Women As Sexual Objects In Art

July 15, 2014
women in arts, sexual objectification, sexuality, contemporary art, gender images

From the 12th century Archangel by Novgorod School in Russia to the 16th century Mona Lisa by Leonardo da Vinci and to Pablo Picasso’s 1946 Portrait of Françoise, women have ruled the artists’ canvases and art-lovers’ hearts for over 500 years. Each of the great artists trying to emphasize on the beauty of their creation – the elusive eyes, the silk locks, the tender smiles and the subtle deportment – attributes that still warm our hearts and make us gaze at the art work for hours and hours. I personally did not want to move away from the sight of Mona Lisa until I was dragged away by a friend reminding me there’s was much more left to see of the colossal Louvre Museum.

But what makes me uncomfortable are the changing images and [mis]representation of women in contemporary art. I doubt there’s a way to euphemize the changing perceptions, but I have no doubts in saying that women are constantly being sexually objectified in contemporary art, unfortunately mostly by women themselves. 

I for one do not want my children to grow up forced into watching and praising the art that rather objectifies women as sexual entities than as individuals. I am sure none of you want that either. I wish I could steal Huffington Post’s blogger Neal Samudre’s words when he said, “I’m terrified this culture will continue for my children, and one day they’ll dishonour the beautiful people around them, just because they’re not dancing naked in front of them.”

The worry is since then increasing. The apprehensions about our children never being able to develop the sense to see and appreciate beauty in art. And it wasn’t until I read a report about a female artist in the US, who did exactly what she shouldn’t be doing: using her sexuality to project art. In other words, she rolled around naked on the gallery floor, performing absurd acts to bring the audience’s attention to her ‘sexualized parts’. Some people might call it an art form, but I call it objectifying a woman’s body to the extent that the subjects only see her as a sexual entity and not a person. And then there was this weird live art performance elsewhere, in which the woman popped out paint balls from inside her vagina that fell all over the floor canvas making some form of stained picture that she later called abstract art.

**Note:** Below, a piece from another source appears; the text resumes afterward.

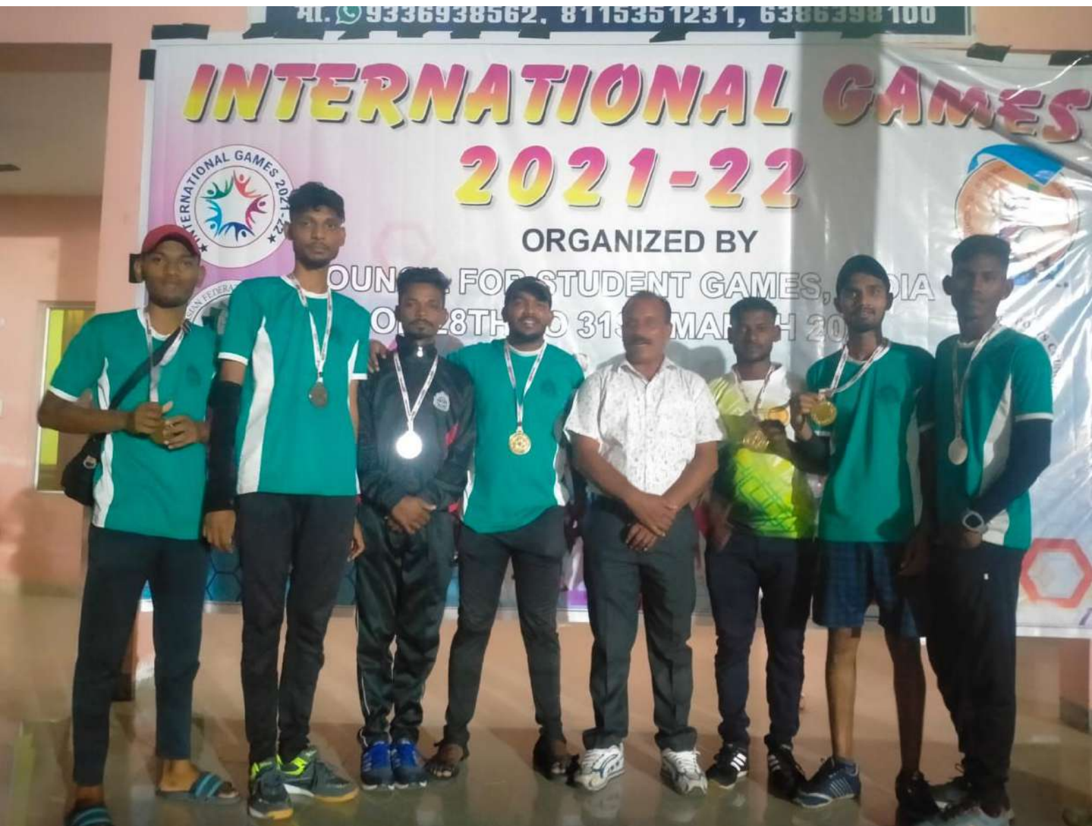
COLLEGE STUDENT IN PARTICIPATED IN INTERNATIONAL VARANSI ( U.P) 2021-22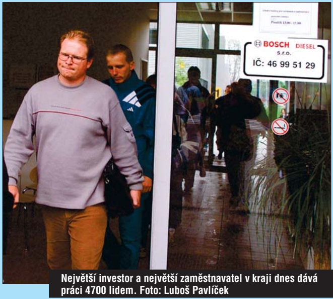
Největší investor a největší zaměstnavatel v kraji dnes dává práci 4700 lidem.

Největším investorem na Vysočině je jihlavský strojírenský podnik Bosch Diesel. Ten v kraji zatím vydal přes 13 miliard korun a nyní zaměstnává 4700 lidí. Významný příliv financí je spojen i s budováním firem výrobců autodílů Zexel Valeo v Humpolci na Pelhřimovsku, havlíckobrodské Futaby, výrobce dřevotřískových desek Kronospan v Jihlavě, nebo pily Stora Enso Timber ve Žďirci nad Doubravou.

Is this real art? And is this all left to a woman artist’s creativity, artistic abilities, and gender representation? I am sure, not.

We didn’t notice this sexual objectification in the 70s and the 80s, and we didn’t identify its silent emergence in the 90s and the following decade. I am afraid if we continue to ignore initiating a public discourse now, we will regret it in the coming decade and those to follow.

Most of you will agree with me here when I say that when the situation will go out of control, we will not only be responsible for ruining beautiful art and the meaning of art, but also for destroying the true meaning of freedom of expression, rational thinking, the very basis of gender definitions, respect for art and cultures, and art itself as a form of medium of expression and message.

I fear that my child, in case of wanting to become an artist, will be judged by his or her impudence to accept unreasonable nudity in the name of ‘abstract art’ rather than his/her understanding of classical art and realism. I am afraid if he/she will be bullied as old-school for studying da Vinci or Picasso (that is only if professors and universities still taught them then, huh!). I want my children and yours to recognise this thin line between sexual attraction and sexual objectification.

For now, I am sorry but I don’t appreciate art where a woman pops out paint from her vagina and calls it ‘live art’, nor do I want my child to grow up into one. I am rather happy with the timeless strokes of paint that create eternal, real images. Let’s not make the world a queerer place for our kids. It already is quite enough.